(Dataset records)
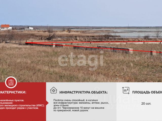 Вашему вниманию участок участок 5сот. ИЖС-до Евпатории 70 км-до Аэропорта 140 км-до Симферополя 150 кмВ посёлке центральные водоснабжение и газ.Также Межводном есть все для комфортного проживания:средняя общеобразовательная школа, амбулатория, дом культуры, библиотека, отделение почты, отделение банка, аптека, магазины, кафе и рестораны, рынок и АЗС, гостиницы.Курортный сезон в Межводном начинается с мая (вода прогревается до +18 уже) и заканчивается в октябре (воздух +26, вода +18-22). При этом, пиковый сезон — июль, август, когда температура воды +23-25 градусов, а воздуха +30-35. Кроме песчаного пляжа, в Межводном есть и небольшие живописные скалы. В Межводном нет и сильных течений, что положительно сказывается на температуре воды.Документы РФ полностью готовы к сделке! Номер объекта: #1/544106/14415 Купить участок под индивидуальное жилое строительство с коммуникациями в Черноморском районе республики Крым.
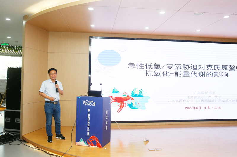 针对小龙虾养殖过程中水体溶氧常常发生剧烈变化的问题,许志强研究员作题为《急性低氧/复氧胁迫对克氏原螯虾抗氧化-能量代谢的影响》的学术报告。他强调小龙虾养殖生产中需要特别注意低氧/复氧胁迫问题,可以通过制定合理的放养密度、选择优质饲料等方法避免在养殖过程中出现低氧-复氧胁迫。
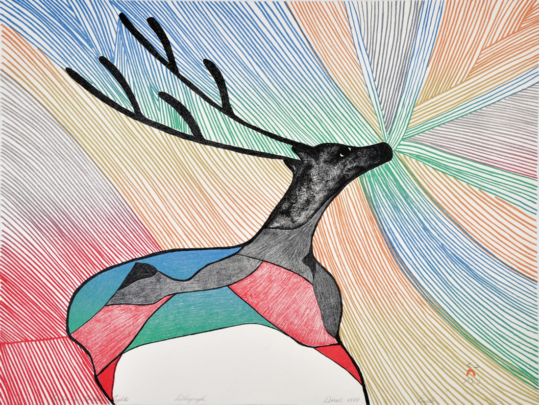 To commemorate the centenary of Pudlo Pudlat’s birth, Dorset Fine Arts is releasing from its archives two never before seen limited edition lithographs, “Formidable Muskox” and “Caribou in Northern Lights”. Printed at the Cape Dorset studios in 1985 and 1987 respectively, these two dynamic prints are superb examples of Pudlo’s work created during the apogee of his career.
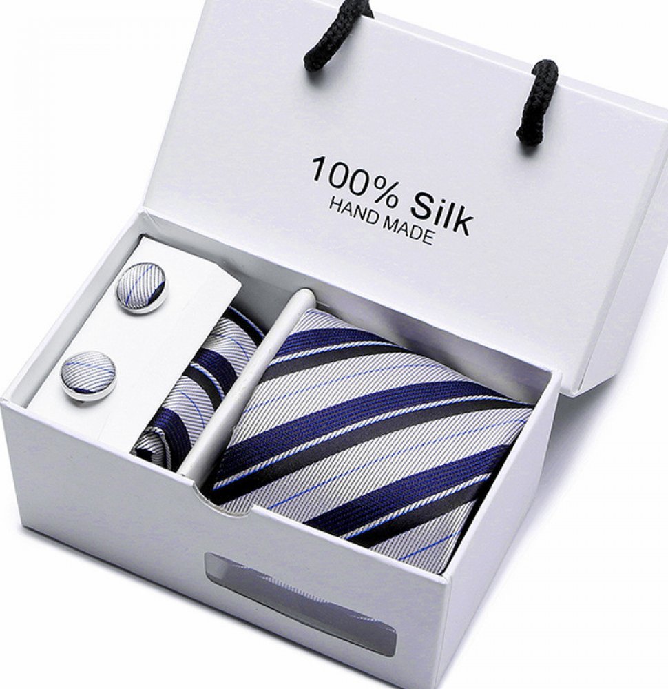 Elegantní pánská souprava obsahuje kravatu, kapesníček a manžetové knoflíčky, vše ve stejném barevném i materiálovém provedení. Kravata je velmi příjemná na dotek, dělá dobrý dojem. Manžetové knoflíčky se nosí ke košilím, které mají zesílené lemy rukávů.
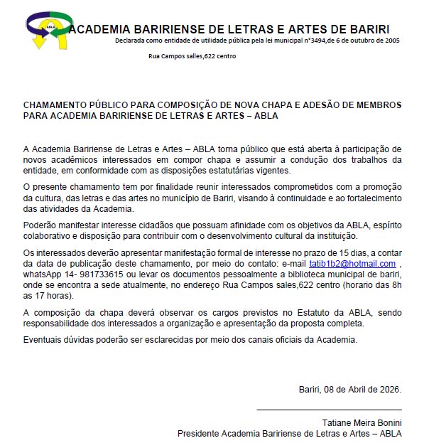 “A academia Baririense de Letras e Artes está com as atividades paralisadas por tempo indeterminado, tentando a sua reestruturação. Essa verba veio para que a academia utilizasse e achamos por bem repassar para outra entidade fazer uso. Não adianta a ABLA ficar com uma verba em caixa tendo as atividades paralisadas por conta da reestruturação. Agradecemos o dr. Paulo Crepaldi que destinou o recurso para a Academia e pedimos para ele repassar à outra entidade, que já esteja estruturada. Futuramente, quando a ABLA voltar suas atividades com membro atuantes, voltaremos a requerer ajuda por meio das emendas impositivas, para que voltemos a desenvolver atividades na área da cultura e das artes”, disse a presidente da ABLA por meio de nota.
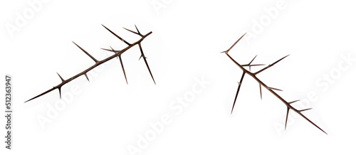 Acacia tree branch with thorns isolated on white background
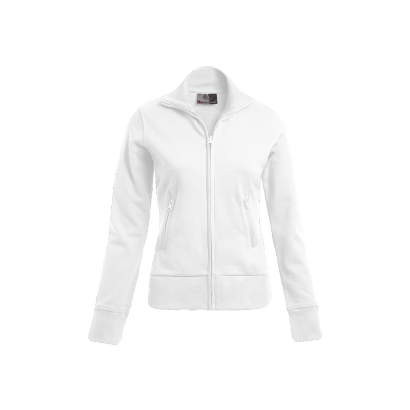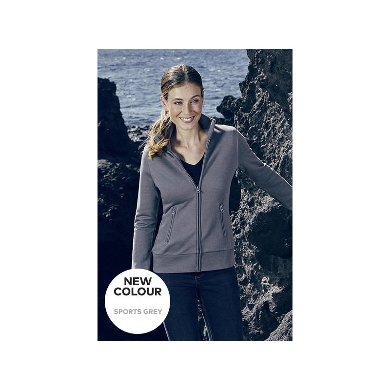 Veste femme col montant Veste sweat, col montant, fermeture éclair sur toute la longueur et dissimulée, 2 poches zippées sur le devant, poignets et taille en élasthanne, molleton brossé, 100 % coton, 320 g/m², XS–XXXL.
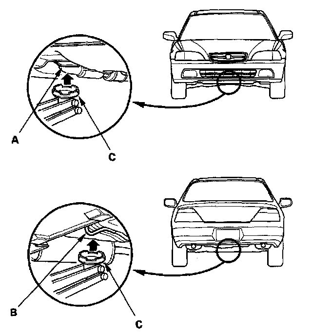 4. Position the floor jack under the front jacking bracket (A) or rear jacking bracket (B), center the jack lift platform (C) on the jacking bracket, and jack up the vehicle high enough to fit the safety stands under it.
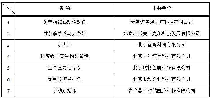 我院于2022年9月29日对以下医疗项目进行院内招标,中标结果如下:
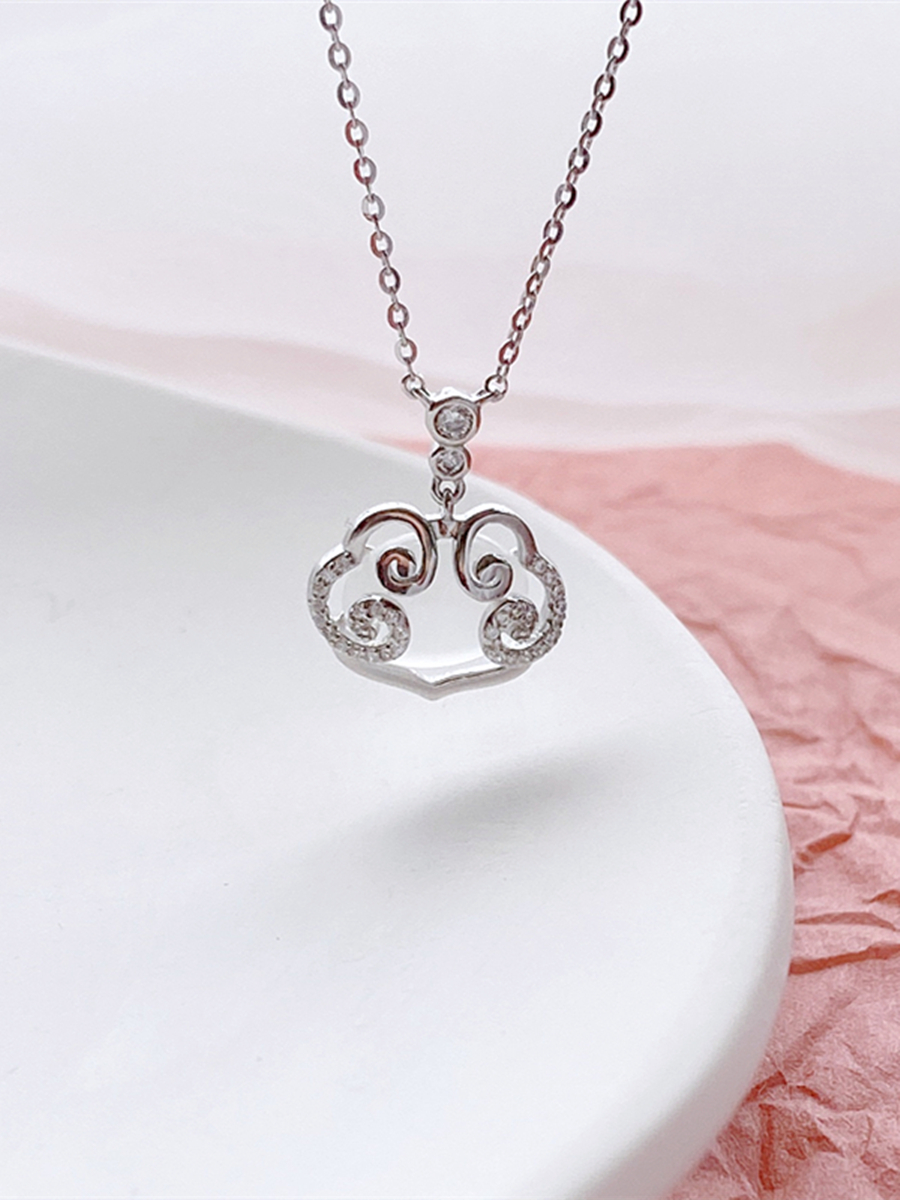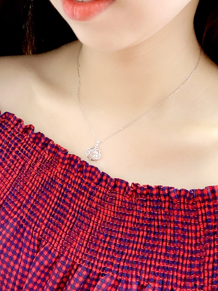 簡唯銀飾s925祥云玉髓如意鎖長命鎖項鏈女純銀中國風ins鎖骨鏈

## Task goal
Without the pictures, copy the entries from their first line through the line containing "To commemorate the", and only those lines.

## Result of the task
 Вашему вниманию участок участок 5сот. ИЖС-до Евпатории 70 км-до Аэропорта 140 км-до Симферополя 150 кмВ посёлке центральные водоснабжение и газ.Также Межводном есть все для комфортного проживания:средняя общеобразовательная школа, амбулатория, дом культуры, библиотека, отделение почты, отделение банка, аптека, магазины, кафе и рестораны, рынок и АЗС, гостиницы.Курортный сезон в Межводном начинается с мая (вода прогревается до +18 уже) и заканчивается в октябре (воздух +26, вода +18-22). При этом, пиковый сезон — июль, август, когда температура воды +23-25 градусов, а воздуха +30-35. Кроме песчаного пляжа, в Межводном есть и небольшие живописные скалы. В Межводном нет и сильных течений, что положительно сказывается на температуре воды.Документы РФ полностью готовы к сделке! Номер объекта: #1/544106/14415 Купить участок под индивидуальное жилое строительство с коммуникациями в Черноморском районе республики Крым.
 针对小龙虾养殖过程中水体溶氧常常发生剧烈变化的问题,许志强研究员作题为《急性低氧/复氧胁迫对克氏原螯虾抗氧化-能量代谢的影响》的学术报告。他强调小龙虾养殖生产中需要特别注意低氧/复氧胁迫问题,可以通过制定合理的放养密度、选择优质饲料等方法避免在养殖过程中出现低氧-复氧胁迫。
 To commemorate the centenary of Pudlo Pudlat’s birth, Dorset Fine Arts is releasing from its archives two never before seen limited edition lithographs, “Formidable Muskox” and “Caribou in Northern Lights”. Printed at the Cape Dorset studios in 1985 and 1987 respectively, these two dynamic prints are superb examples of Pudlo’s work created during the apogee of his career.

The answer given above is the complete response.